Butuh waktu beberapa saat sampai akhirnya hewan berkaki empat itu tenang, dan hingga saat itu tiba Redd masih kaku di posisinya.

"Ibuu ... aku anak baik." bisik wanita itu, "Tuhan ... aku masih mau hidup. Demi Tuhan, selamatkan aku ..."

Richard memandang Redd heran dan terkekeh, "Siapa yang anak baik?"

Redd mendongak, wajahnya merah dan matanya yang berkaca-kaca memandang sengit pada Richard. "Apa kau! Kau mau menertawakanku iya kan? Karena kau kuda ini jadi aneh begini!"

"Kau menyalahkan orang lain untuk kesalahanmu sendiri?" tanya Richard takjub.

"Aku?" ucap Redd tidak terima. "Ini salahmuuuu!!"

Redd sudah siap untuk memberontak lagi, saat tangan Raja muda itu mencengkeram lengannya. "Hentikan Mansen," bisik Richard mengancam. "Atau kau akan jatuh dari kuda ini."

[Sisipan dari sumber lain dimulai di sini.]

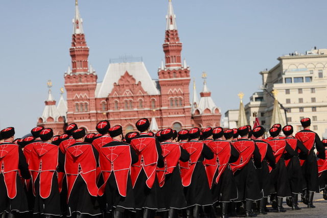 Rusya Savunma Bakanlığı açıklamasında "1941-1945 Büyük Vatanseverlik Savaşı Zaferi'nin 77. yıldönümü münasebetiyle düzenlenen askeri geçit töreninin kostümlü provası bugün Moskova'nın Kızıl Meydanı'nda yapıldı" ifadelerini kullandı.

"Tidak peduli!!" wanita itu berteriak nyaring lantas kembali bergerak riuh di atas kuda.

Richard berdecak kesal, lalu dengan cepat meraih kekang dan membuat kuda itu berbalik arah. "Apa yang mau kau lakukan?" teriak Redd panik.

Richard tersenyum, "Memastikan kau menyetujui lamaranku."

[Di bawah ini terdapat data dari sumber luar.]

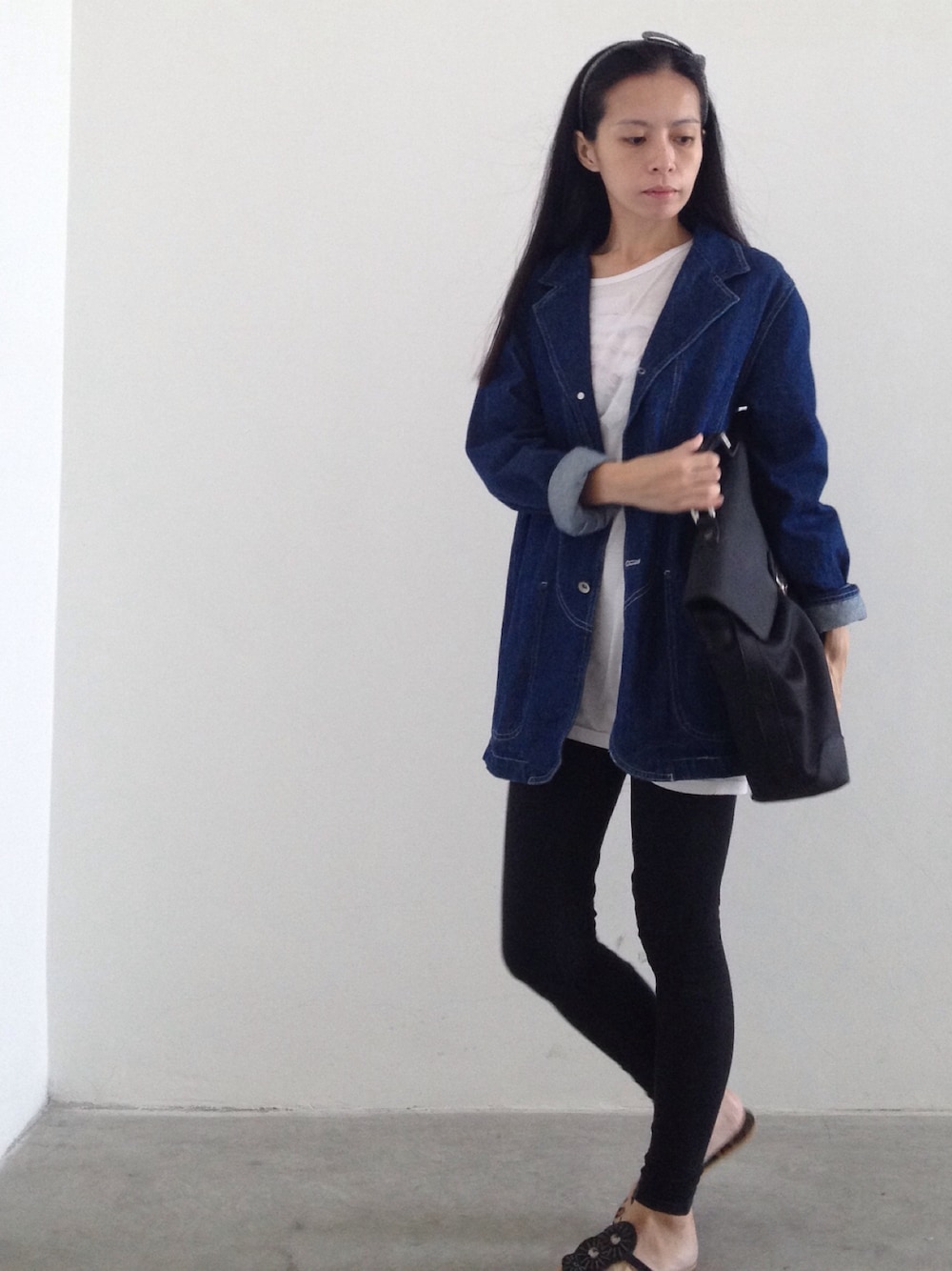 Threw on this oversized jacket to keep myself warm (ps: this jacket has interesting detailing work all over..its pockets are sewn on the inside and also backside pockets of usual jeans sewn on the back of jacket!) and grab a serious looking bag to look all stylish :)

Lantas kemudian Raja itu memacu kudanya secepat mungkin ke arah pertanian. Melewati jalan setapak menuju ke hutan di utara, mengabaikan sama sekali wanita dihadapannya yang memeluk pingganya erat-lagi-dan sudah nyaris menangis karena ketakutan.

"Apa kau sudah gila?!!" wanita itu berteriak heboh. "Demi Tuhan, turunkan aku!!"

"Tidak," ucap Richard. Nadanya stabil walau nafasnya mulai berantakan akibat kegiatan liarnya. "Katakan kau setuju dengan lamaranku dan aku akan berhenti."

"Tidakkk!!"

Richard menaikkan alis, "Tidak?" ia tersenyum sudut. "Baiklah, aku akan mencoba untuk membuat kuda ini lebih cepat lagi."

"Kau gilaaaa!!!" Redd mulai histeris.

"Ya. Aku tahu, maka terima saja lamaranku Nona Mansen."

Redd kukuh dengan pilihanya, ia masih diam mengulum bibirnya dalam dan memeluk Richard erat.

"Kau benar-benar tidak mau ya?" Richard mulai memegang kekang kuda lebih kuat, "Baiklah. Kuda ini ak-"

"Ah, baik-baik. Aku mau, aku mau." Final. Redd Mansen, berteriak mengiyakan lamaran Yang Mulia Raja Yang Terhormat, Richard. "Demi Tuhan buat kuda ini diam!"

Richard menyeringai, "Aku tidak dengar."

"Aku mau," ucap Redd cepat. "Aku mau menikah, sungguh. Aku terima lamaranmu. Sungguh, turunkan aku."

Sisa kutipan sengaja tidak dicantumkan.